◆ **Task directions**
As an exercise in exact copying, transcribe the lines below from the one holding "Je ontvangt 9" through the last, with both ends included and pictures left out.

Provided data Block Start

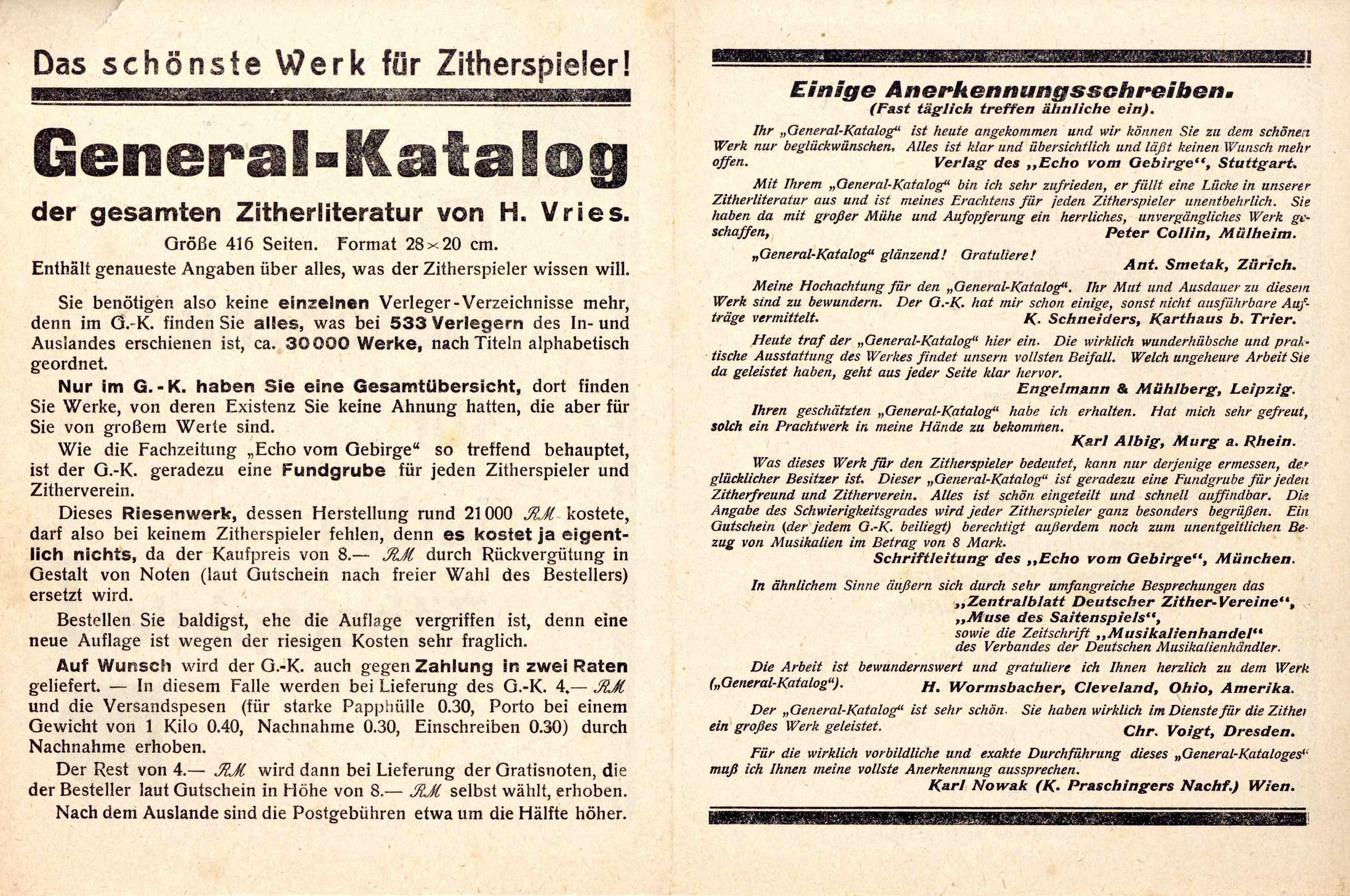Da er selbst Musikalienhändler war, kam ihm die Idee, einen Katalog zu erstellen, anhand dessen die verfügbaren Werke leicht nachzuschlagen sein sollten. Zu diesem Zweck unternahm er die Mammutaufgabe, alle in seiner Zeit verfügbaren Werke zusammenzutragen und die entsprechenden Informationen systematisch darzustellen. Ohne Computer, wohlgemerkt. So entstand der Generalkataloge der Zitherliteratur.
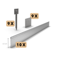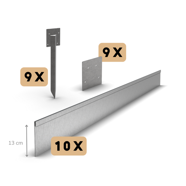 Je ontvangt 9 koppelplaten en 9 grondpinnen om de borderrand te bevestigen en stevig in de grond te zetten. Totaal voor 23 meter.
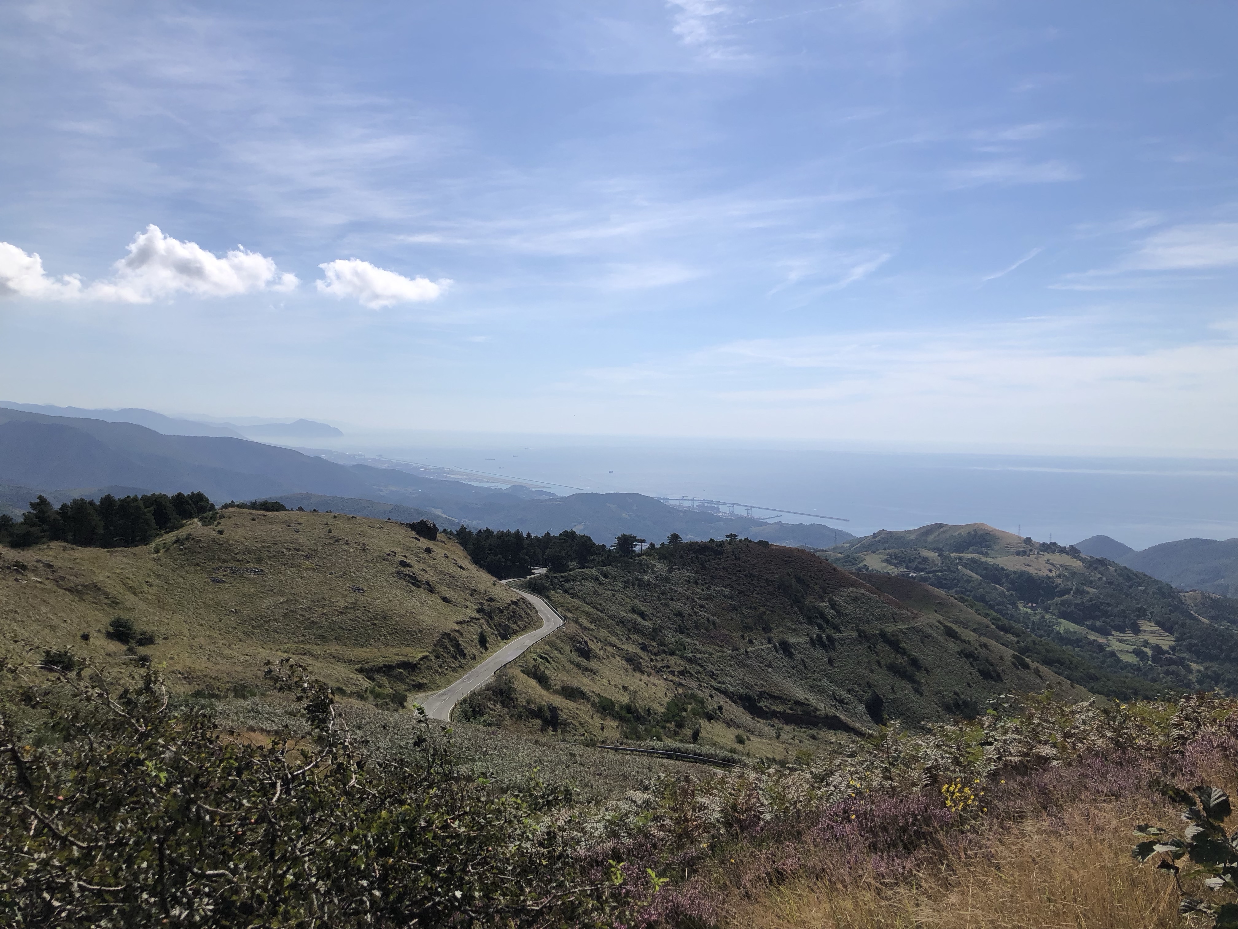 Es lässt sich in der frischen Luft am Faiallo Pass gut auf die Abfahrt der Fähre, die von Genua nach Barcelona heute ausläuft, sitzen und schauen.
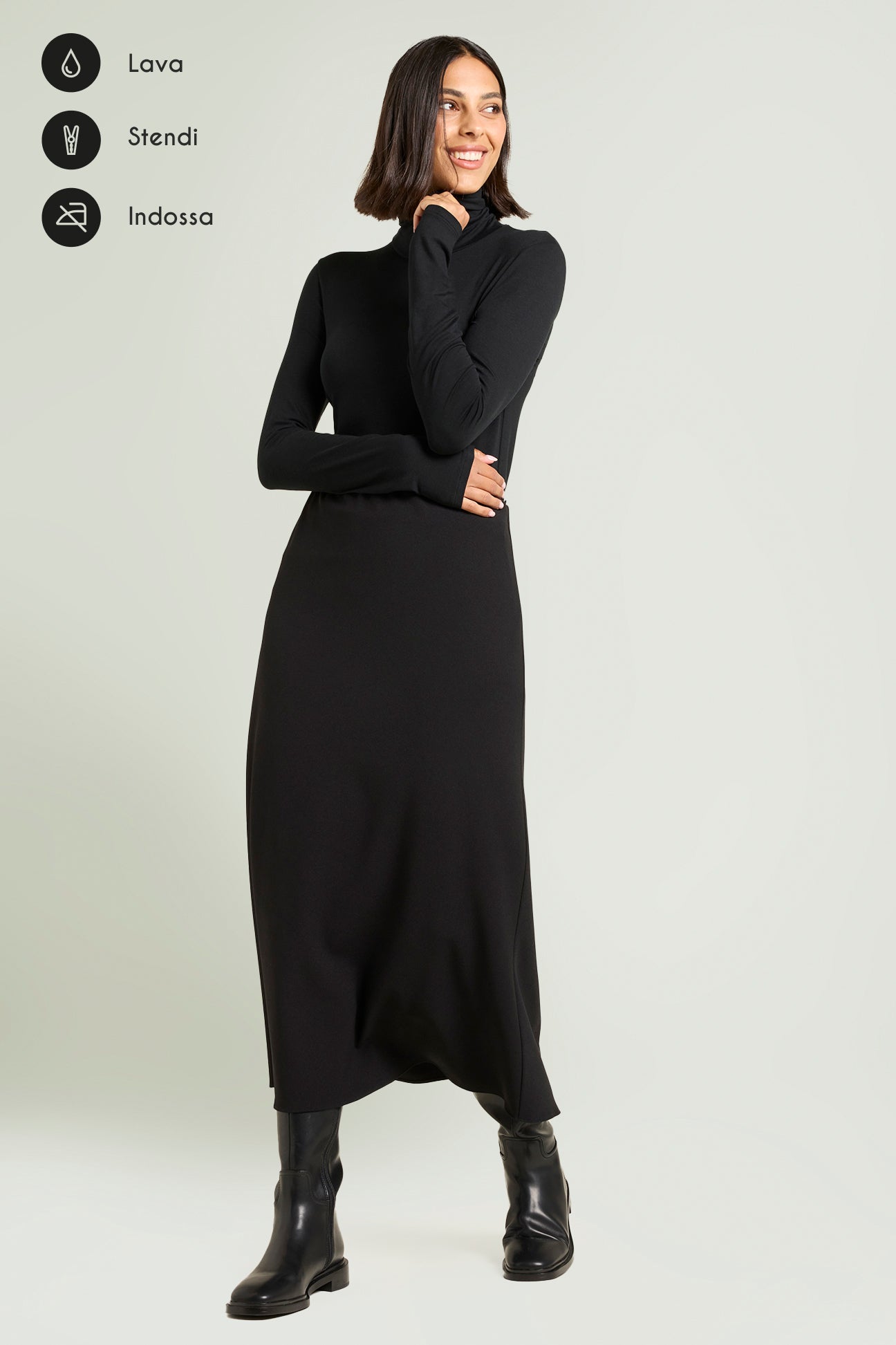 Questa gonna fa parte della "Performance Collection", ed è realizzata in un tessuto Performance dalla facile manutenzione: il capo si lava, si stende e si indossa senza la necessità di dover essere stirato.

Provided data Block End

◆ **Answer section**
 Je ontvangt 9 koppelplaten en 9 grondpinnen om de borderrand te bevestigen en stevig in de grond te zetten. Totaal voor 23 meter.
 Es lässt sich in der frischen Luft am Faiallo Pass gut auf die Abfahrt der Fähre, die von Genua nach Barcelona heute ausläuft, sitzen und schauen.
 Questa gonna fa parte della "Performance Collection", ed è realizzata in un tessuto Performance dalla facile manutenzione: il capo si lava, si stende e si indossa senza la necessità di dover essere stirato.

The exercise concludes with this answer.